The drastic cure imposed by the Miski system is that a subscriber only receives messages posted by users that they have subscribed to. This is the poster-centric aspect of the system. Reposting is a mechanism that makes it possible for users to receive messages originally posted by users that they are not subscribed to, and turns Miski from a somewhat closed system into a system that is as open as a system can be without being spammable.

Above I qualified the spam-resistant nature of Miski by stating that it only applies to its normal mode of operation. There are two main circumstances where users can choose to expose themselves to spam to a controlled extent if they wish to.

The first is that users will inevitability wish to search Miski servers for other users advertising themselves as interested in given topics. This will be vulnerable to spamming in the same way that web search engines are subject to spamming, and the risk is the same.

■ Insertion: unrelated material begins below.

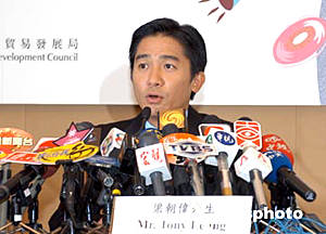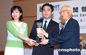 影帝梁朝偉6月8日在香港出席《第八屆香港國(guó)際影視展》新聞發(fā)布會(huì),并獲委任為「2004年度香港影視娛樂(lè)大使」,香港貿(mào)發(fā)局影視娛樂(lè)業(yè)咨詢委員會(huì)主席鄒文懷(右),及貿(mào)發(fā)局服務(wù)業(yè)拓展總監(jiān)陳嘉怡(左)攜手將紀(jì)念品贈(zèng)予梁朝偉。作者:鄧慶樂(lè)

The second has to do with replies. Most discussion systems allow messages to be replied to. Such a facility will be included in Miski. The header of a reply will contain a pointer to the original message. Thus anyone reading a reply can follow the link to the original message, even if they were not subscribed to the sender of the original message, and did not receive it by way of repost. Or to put it another way, replying to a message implicitly reposts it. However there is no guarantee that readers of an original message will read all replies made to the message. This is a necessary consequence of the system's spam-proof nature.

However in some cases a user may wish to receive replies to a message, even from users they are not subscribed to. So a user has an option of accepting replies, perhaps for a limited time period, and specifying this in the header of their posted message. All replies will then be sent to that user's server (as well as the server of the user posting the reply), and the server will send headers of those replies to that user as if the user had subscribed to the replying users, and the user will have the option of reposting those replies (so that their subscribers can see them).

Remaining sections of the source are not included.